L’Iss national laboratory, in collaborazione con la Nasa e altre compagnie private, ha già avviato studi traslazionali mirati a cancro, malattie cardiovascolari e medicina rigenerativa. Queste iniziative non sono isolate: fanno parte di una rete crescente di partenariati pubblico-privati che vedono la Leo come una nuova frontiera per la R&S. Guardando al futuro, il ruolo dello spazio nella ricerca farmaceutica è destinato ad ampliarsi notevolmente. L’innovazione tecnologica, grazie ai progressi in intelligenza artificiale, biotecnologia e nanomateriali avanzati per la drug delivery, richiede infatti terreni fertili come lo spazio per realizzare pienamente il suo potenziale.
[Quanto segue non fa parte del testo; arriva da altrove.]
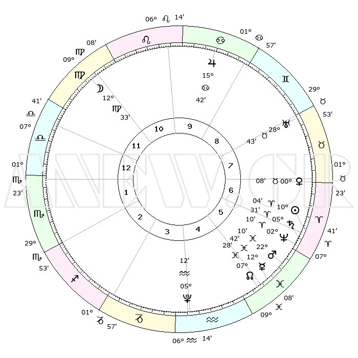| | ΘΕΣΕΙΣ ΠΛΑΝΗΤΩΝ ΑΣΤΡΟΛΟΓΙΚΟΥ ΧΑΡΤΗ ΤΗΣ ΣΤΙΓΜΗΣ ΑΥΤΗΣ | | | | Πλανήτης | Ζώδιο | Μοίρες | Δεκαήμ. | Σε οίκο | Απόκλιση | | Ακμές των οίκων | | Ηλιος | Κριός | 10°00' | Δεύτερο | 6 | 03 N 58 | | 1ος | 13°31' | Ζυγός | | Σελήνη | Παρθένος | 11°45' | Δεύτερο | 11 | 06 N 54 | | 2ος | 10°59' | Σκορπιός | | Ερμής | Ιχθείς | 12°39' | Δεύτερο | 5 | 07 S 49 | | 3ος | 11°57' | Τοξότης | | Αφροδίτη | Ταύρος | 00°04' | Πρώτο | 7 | 11 N 02 | | 4ος | 15°15' | Αιγόκερως | | Αρης | Ιχθείς | 22°07' | Τρίτο | 6 | 04 S 05 | | 5ος | 18°12' | Υδροχόος | | Δίας | Καρκίνος | 15°42' | Δεύτερο | 10 | 22 N 53 | | 6ος | 18°02' | Ιχθείς | | Κρόνος | Κριός | 05°30' | Πρώτο | 6 | 00 N 14 | | 7ος | 13°31' | Κριός | | Ουρανός | Ταύρος | 28°42' | Τρίτο | 8 | 19 N 42 | | 8ος | 10°59' | Ταύρος | | Ποσειδώνας | Κριός | 02°10' | Πρώτο | 6 | 00 S 20 | | 9ος | 11°57' | Δίδυμοι | | Πλούτωνας | Υδροχόος | 05°12' | Πρώτο | 4 | 22 S 48 | | 10ος | 15°15' | Καρκίνος | | Β. Δεσμός | Ιχθείς | 07°28' | Πρώτο | 5 | 08 S 46 | | 11ος | 18°12' | Λέων | | Ωροσκόπος | Ζυγός | 13°31' | Δεύτερο | | | 12ος | 18°02' | Παρθένος | | Μεσουράνημα | Καρκίνος | 15°15' | Δεύτερο | | | |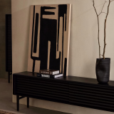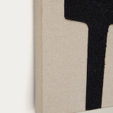 Salmi juega con el positivo y el negativo del color, donde la silueta toma forma a través de la superposición de formas geométricas redondeadas. La textura granulada y sus relieves resaltan la delicadeza de la composición.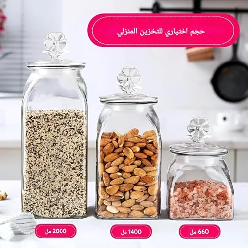 - مصممة لزيادة كفاءة المساحة، تساعدك هذه البرطمانات على تنظيم مطبخك بشكل أفضل من خلال تقليل الفوضى وتحرير مساحة الدولاب وجعل الوصول إلى المكونات أسهل بفضل شكلها الموحد والمدمج.
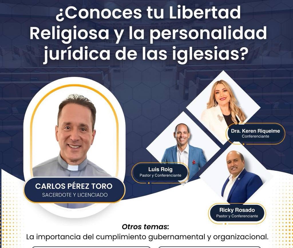 También se discutirá sobre el tema de la importancia del cumplimiento gubernamental y organizacional. Si Fungirán como conferenciantes la Dra. Keren Riquelme, el sacerdote Carlos Pérez Toro y los pastores Luis Roig y Ricky Rosado.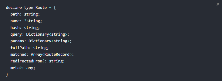 Route它除了描述了类似 Loctaion 的 path、query、hash 这些概念,还有 matched 表示匹配到的所有的 RouteRecord。

Stiamo già assistendo alla nascita di pipeline farmaceutiche spaziali in cui scoperta precoce, modellazione e test preclinici saranno condotti in microgravità prima di passare a studi terrestri, e abbiamo già degli esempi di nuove terapie per il cancro e per le patologie neurodegenerative. La progettazione sperimentale guidata dall’IA ottimizzerà questi studi in tempo reale, riducendo i rischi e migliorando l’efficienza.
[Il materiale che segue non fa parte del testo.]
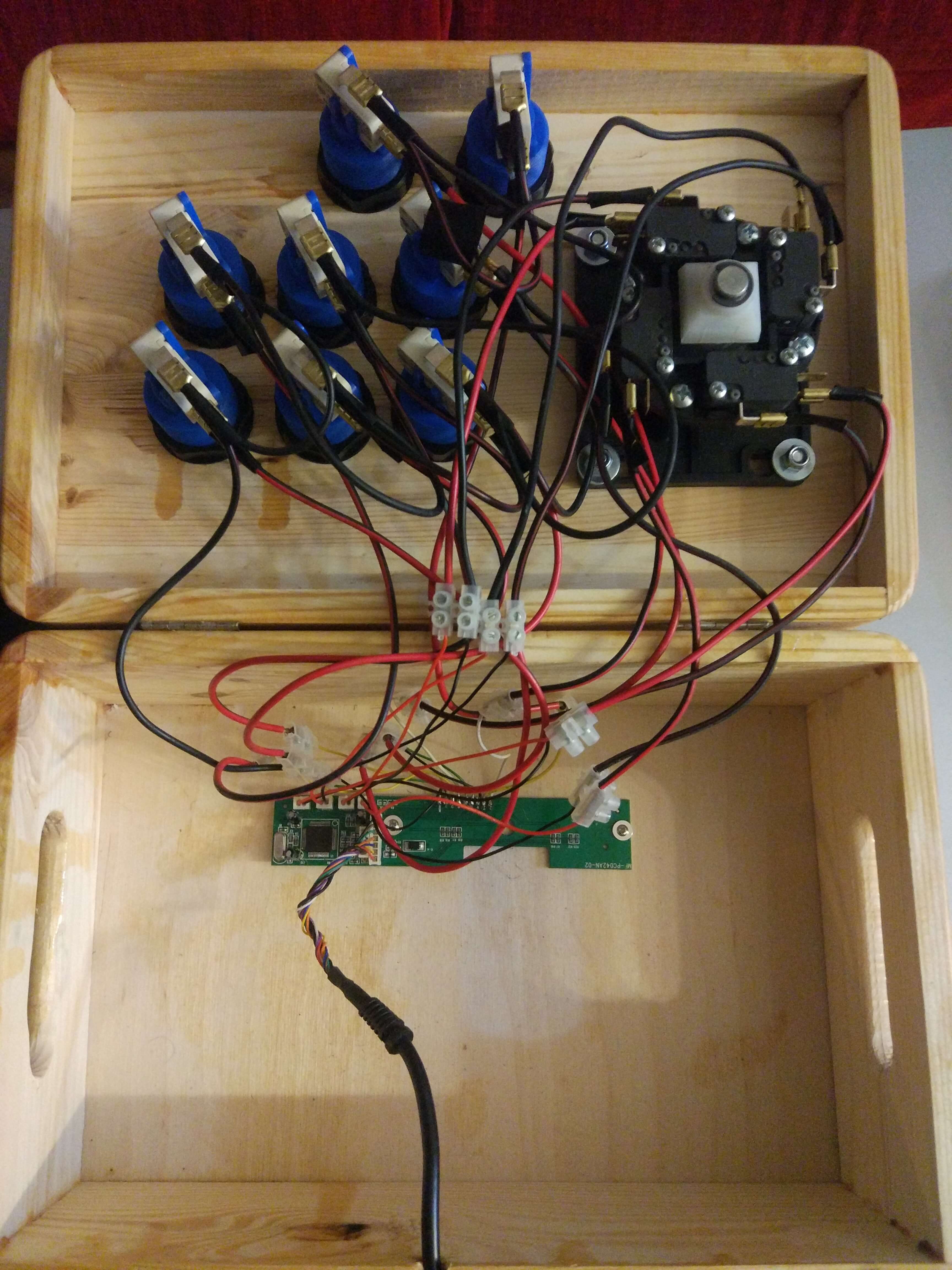 Os dejo un par de fotillos de un arcade que me he construido partiendo de la idea de @txankete pero con un acabado mucho más amateur, para animar a aquellos no iniciados en el bricolaje que como yo, cuando ve lo que la gente hace por ahí piensa que ni en un millón de años podría hacer algo así.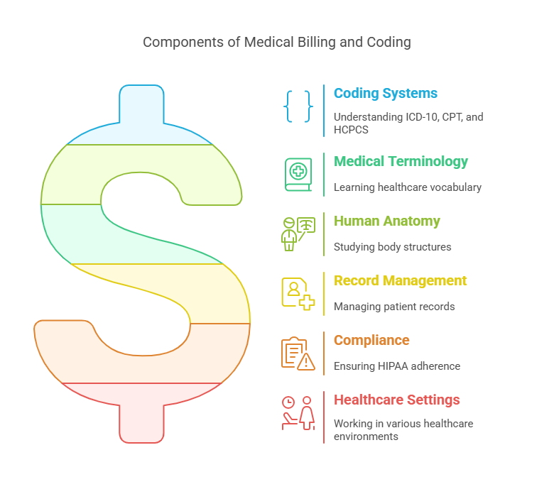Medical billing and coding programs cover several essential topics. You will begin by learning medical terminology, which is fundamental for understanding and accurately coding healthcare services. Knowledge of human anatomy and physiology is also crucial, as it allows you to understand medical conditions and interventions more effectively.

Nel prossimo decennio la bioproduzione in orbita diventerà un componente critico dei sistemi di produzione. Infatti, sono in fase di sviluppo bioreattori in microgravità a bordo della Iss allo scopo di ottenere prodotti biologici con maggiore purezza e resa, per terapie rigenerative cellulari e tissutali che andranno a sopperire alla carenza di donatori per trapianti. Dal punto di vista commerciale, la R&S spaziale sta attirando capitali di rischio e investimenti strategici. La visione di un’economia oltre la Terra dove scienza, industria ed esplorazione convergono, sta guadagnando slancio. La R&S farmaceutica, spesso ostacolata da lunghi tempi e alti tassi di insuccesso, trarrà enormi vantaggi dalle capacità uniche dello spazio. Tuttavia, per realizzare questo potenziale è necessario un supporto sistemico: quadri normativi per i dati clinici spaziali, linee-guida etiche per la sperimentazione oltre la Terra e infrastrutture robuste per garantire una scienza replicabile e scalabile. Formare la prossima generazione di scienziati, ingegneri e astronauti-scienziati sarà altrettanto fondamentale.
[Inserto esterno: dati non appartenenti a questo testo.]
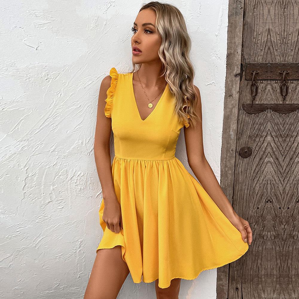• Summer V-Neck Backless Mini Dress With Large Bow Ruffle Strap A-Line Swing Sleeveless Solid Yellow Polyester Spandex Beach Vacation Dress For Women
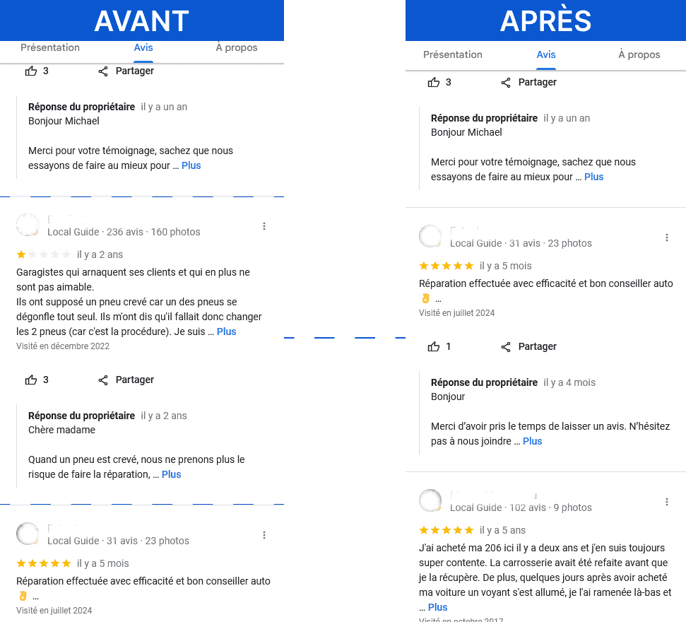 “Aveefy nous a énormément aidés à supprimer avis négatifs Google et à protéger notre image en ligne. Je suis passé de 3,8 à 4,9. Hallucinant !”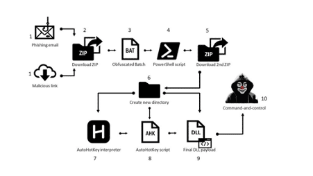 - AutoHotKey interpreter with a customized script to perform some malicious tasks; and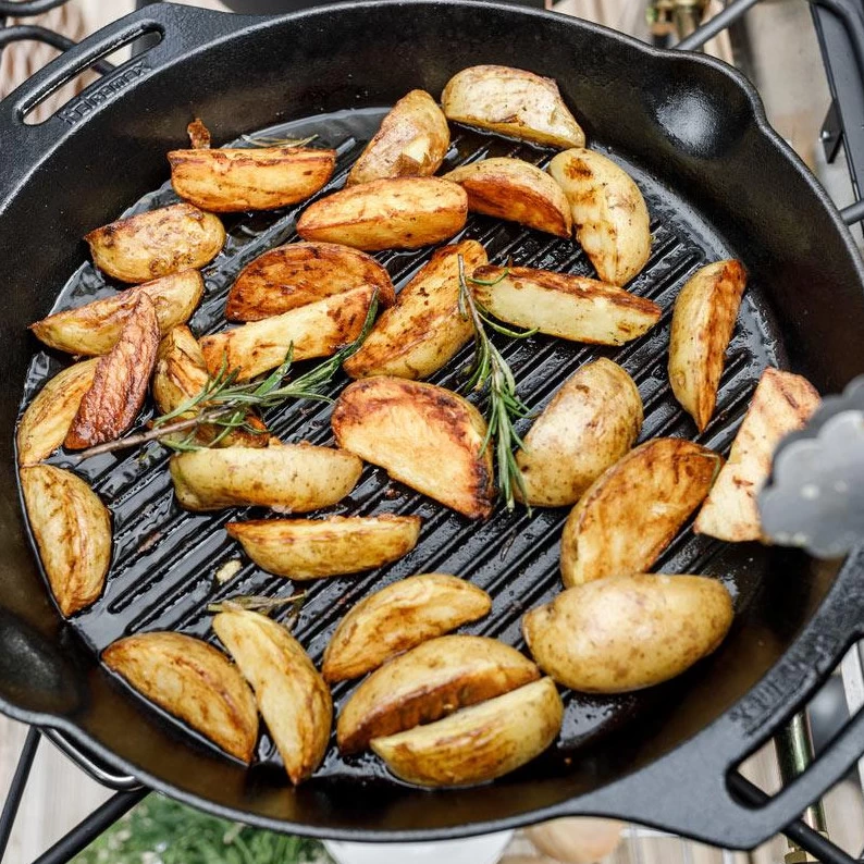 Dabei verhindert die mit jedem Gebrauch stärker werdende Patina das Anhaften deines Grillguts. Dieser chemiefreie Anti-Hafteffekt kommt auf natürliche Weise zustande und macht die Grill-Feuerpfanne im Laufe der Zeit noch robuster und widerstandsfähiger. Je stärker die Patina ausgebildet ist, desto weniger Öle und Fette benötigst du beim Zubereiten. Speiseflüssigkeiten sammeln sich in den Rillenvertiefungen und zurück bleiben die typischen Röststreifen und ein unvergleichliches Aroma.

Lo spazio non è più solo per gli astronauti e i satelliti. È un laboratorio emergente, una fabbrica e un incubatore biotecnologico per le scoperte biomediche di domani. La microgravità è il vero acceleratore dell’industria biotech. Gli scorsi decenni ci hanno mostrato la promessa, oggi stiamo costruendo la realtà e il futuro punta verso un ecosistema di R&S biomedica pienamente integrato tra Terra e orbita. Lo spazio è un elemento-chiave della quarta rivoluzione industriale; accelera la scoperta e l’innovazione, riducendo i rischi dello sviluppo e aprendo nuovi paradigmi nella medicina personalizzata e di precisione. Non è più questione se lo spazio influenzerà il futuro della biomedicina, ma di quanto rapidamente sapremo sfruttare a pieno il suo potenziale.